Data Deconstructed – US Foreign Assistance

Time for my weekly data set analysis. The choice this week is a breakdown of US foreign aid (loans and grants) to all the countries of the world. Of course, the data set is public public, this one is taken from data.gov.

I’ve always been curious to know who the US lends money to and explore the data further.. But I think the the more interesting question is “Does the charity and all the goodwill US does have any effect and how much effect does it have?” (Thanks to Amaresh!). For instance you may loan billions of dollars to India for child health but did it affect India’s child mortality rates? It will be really cool to explore that and integrate more data sources to this one.

This week the plan is to explore the data set and then look into the broader influence of this data and merge it with other data sources set next week. I need to give this post 2 long-ish blog posts to do justice this time.

I digress a bit: Every week I will try to make the data analysis more challenging for myself. This week’s data set is larger and also I will be using Tableau Public to do some data exploration. Tableau Public is fun way to share open data visualizations, I totally recommend trying it out.

Let’s start the analysis. As done previously, I will start with formulating questions.

Before I do, let me take a quick look at the data set. The data set at first glance tells me there are more than 100 countries US has been generous to and also this data set is from the year 1946-2009 in more than 10 categories. Wow.

The areas I want to explore – I’m going to pick two here since I’m continuing this next week as well. All will be related to exploring the current data set.

1. What are the top 3 spending areas for US aid in the last 10 years?

2. Which are the top countries US gave money to last year? In the last 10 years?

The answers (and process):

Before I start, I’m going to share a visualization which will help you look and  understand the data better. In this one I put each category of spending and showed it on a world map . This way you can just scroll down, the labels will tell you where US has been spending money. This is one of those rare data sets which are so interesting to look at (just because so many interesting things stand out). One of the things that stood out for me is that how little US has given to China over the years. China of course over the years has not been as rich as Europe or Australia (who don’t need the assistance as much as them).

1.  For the first question, I came to these results by a) Introducing another variable in the data set which sums up all the spending over the last b) Segmenting the program name with the total money given. Here is the graph which shows that.

Looking at this graph (ignore the Title1, title 2) you realize that the major spending areas have been economic assistance, defense, food (everything under USDA), helping other countries cope with country specific problems (narcotics, refugee assistance) and broader philanthropy where I include child heath, helping with AIDS etc.

The top spending area has been-

1. Economic support assistance (It will be very interesting to understand how it has effected the GDP of the country, I might explore that next week as well).
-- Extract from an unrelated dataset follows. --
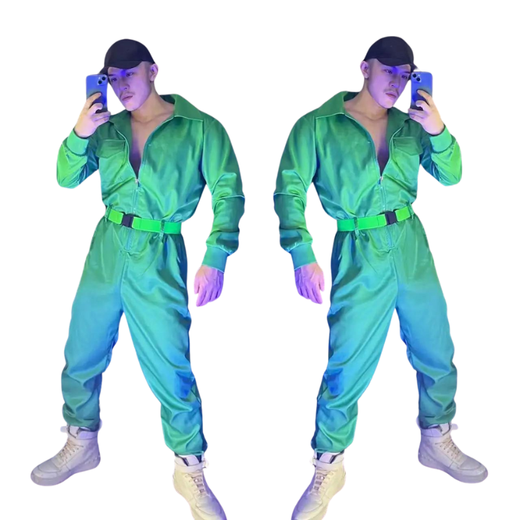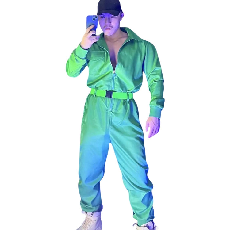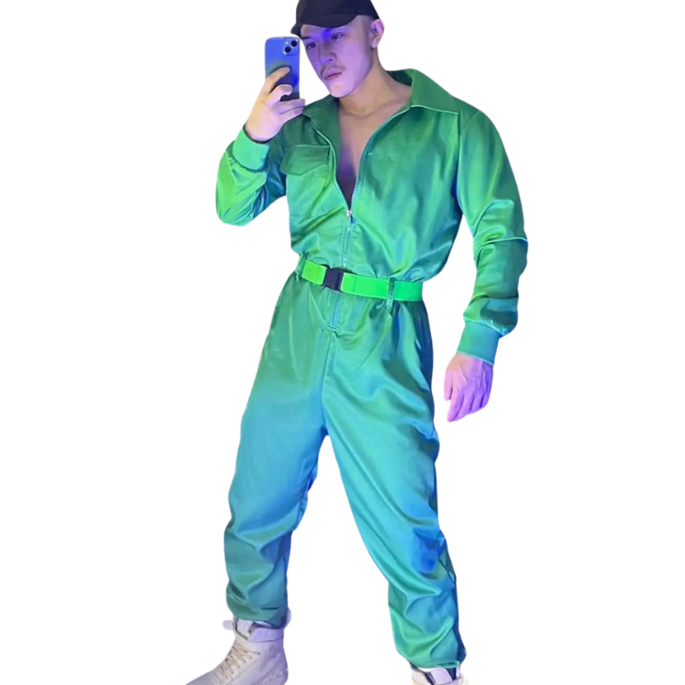 Unleash your inner diva and make heads turn with the Green Hip-hop Overall Performance Costume Set - a dazzling attire that's designed to celebrate your confidence, radiance, and undeniable sex appeal. This playful and chic ensemble is a shout-out to all the fabulous souls in the queer community who dare to stand out and slay with style.

The US has nearly spent slightly above 16 billion in this area

2. The next highest spending is voluntary contributions to international organizations – just above 15 billion.

3. The third area of spending has been “Development Assistance” and also “Narcotics Control” . The US has spent almost 12 billion dollars in these two areas individually.

2.Now for the second question for which country did the US loan the most to a)last year b) n the last 10 years- I segmented again by country name and two variables 1. Money loaned in the last year 2. Money loaned in the last 10 years. Take a look:

Here is looks like the top 3 beneficiaries last year were 1. Afghanistan 2. Iraq 3. Pakistan! Not surprising at all. Probably should include a new category on “War against Terrorism aid”.

This also makes me wonder at this point, has the US economic assistance to other countries gone down because it decides to engage in war? This might prove that other countries (who heavily depend on US assistance) might be adversely affected by the war by not getting the assistance last year.. which we don’t know of. Another angle to explore next week.

And the top 3 beneficiaries overall were 1. Russia (over 8 billion) 2.Columbia (6.6 billion) 3. Jordan (slightly over 4 billion).

I hope this week you got a feel of the data and explored it! I will continue to drill into Childcare loans next week. Has the child mortality rates dropped in those countries where the US has been spending so much money in? Need to hunt more data for that one!

PS: Had an exceptionally hard time writing and structuring this post.. it took me 4 complete rewrites and I still don’t like it. Sigh.. Just decided to ship. Some days you just can’t write or draw.